I never really understood the presence of static routing on consumer grade routers. But recently, I got the opportunity to try out that functionality in office and tearing out my hair at the same time (read: networking n00b). Documenting the steps here to prevent further hair-loss.
ISP <—> Router A [192.168.0.0/20] <—> Router B [192.168.16.0/24]
WAN IP: DHCP-assigned by ISP
Gateway: DHCP-assigned by ISP
LAN IP: 192.168.0.1
Static route: (Destination) 192.168.16.0, (Netmask) 255.255.255.0, (Gateway) 192.168.0.2, (Interface) LAN
WAN IP: 192.168.0.2
LAN IP: 192.168.16.1
Basically that is all for configuration on both routers for the illustrated setup. For windows machines that are directly connected to Router A [192.168.0.0/20], an incoming rule has to be added to the hosts’ firewall to allow incoming ICMP redirect packets from the Router A, assuming the firewall is enabled.
On Windows Vista and above, the following command (run as administrator) will add the rule:
netsh advfirewall firewall add rule name="enable static routing" dir=in action=allow enable=yes profile=private remoteip=defaultgateway protocol=icmpv4:5,any
In English, the command “adds a rule with name ‘enable static routing’, for the incoming direction, that allows traffic to pass, at the same time enabling the rule, for the private profile, only from the default gateway, with ICMP v4 redirect packets”. Tweak as needed.

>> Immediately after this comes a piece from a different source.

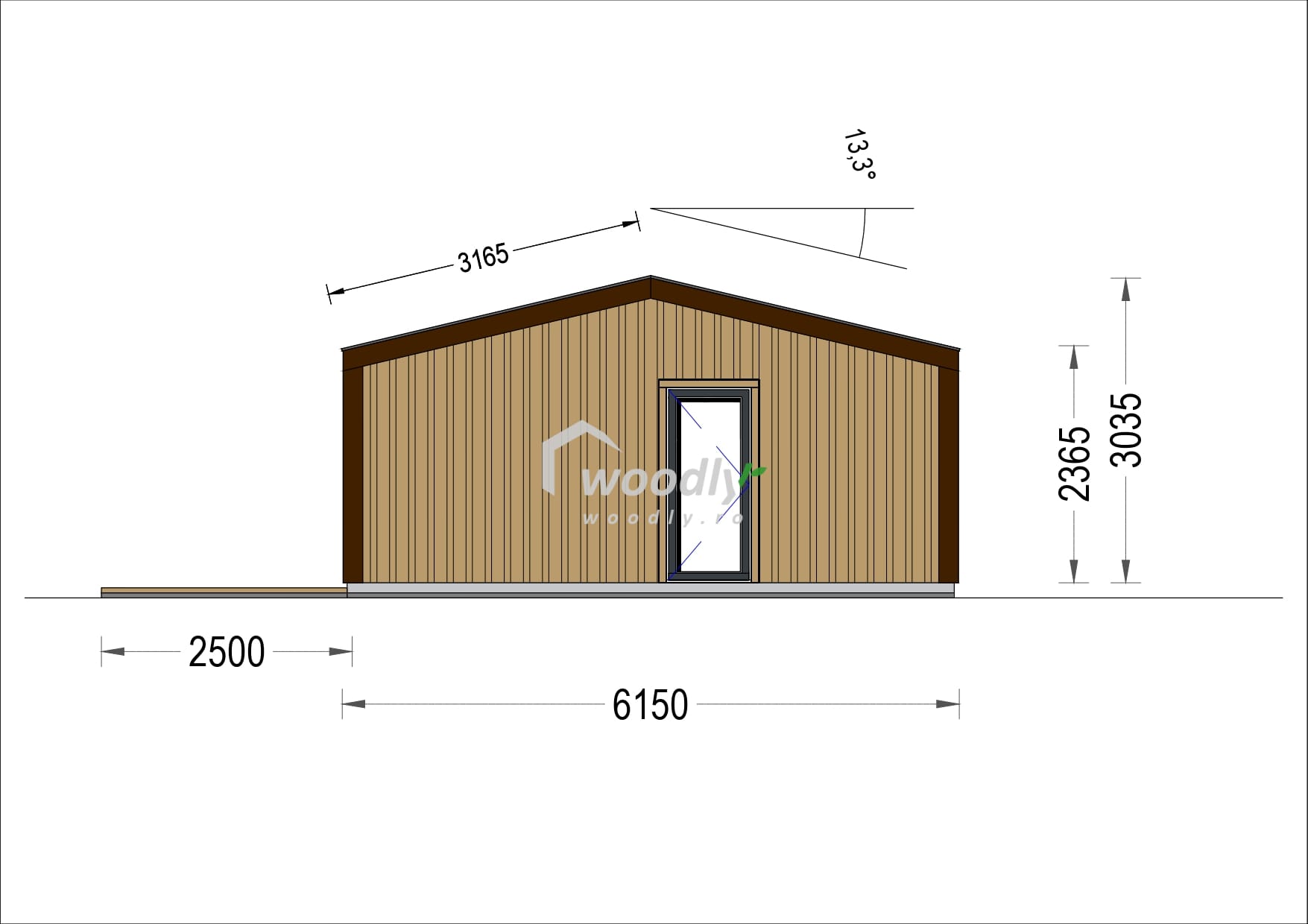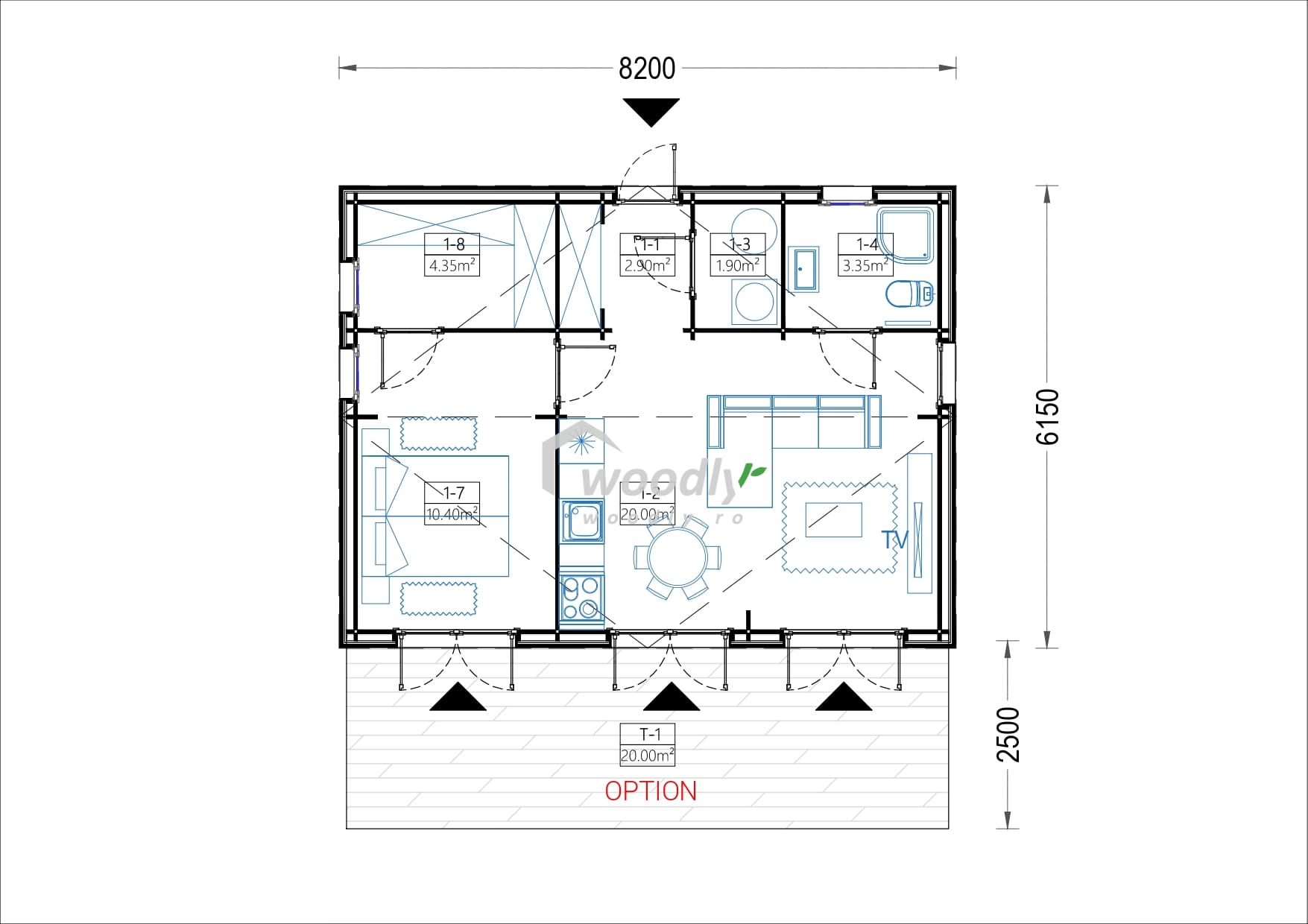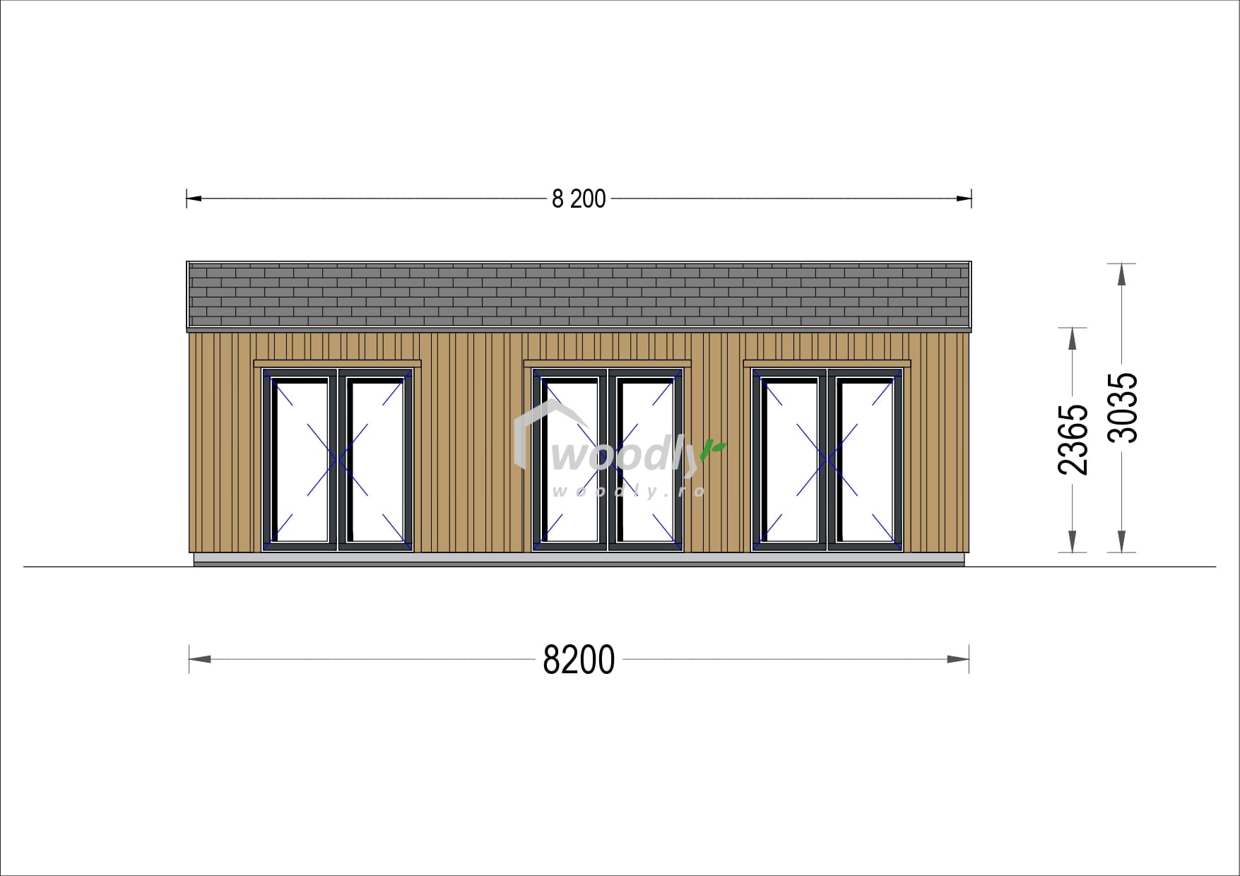 Casă din lemn la cheie, ANGELA, modulară, izolată, 50mp, living, dormitor, baie, dressing, cameră tehnică, perete dublu de 44mm + Izolație + 20mm, 8x6m

Yes, it potentially requires configuration on the clients. A more transparent alternative is to dish out static routes to clients via DHCP server and eliminating the need to configure the firewall, but that is out of the scope of this post. Which brings me back to my original thought: if a user need to configure so many items, on both routers and clients, will it be better to provide an option to serve routes via DHCP? Without which, is this whole static routing even suitable for a home user on a home router?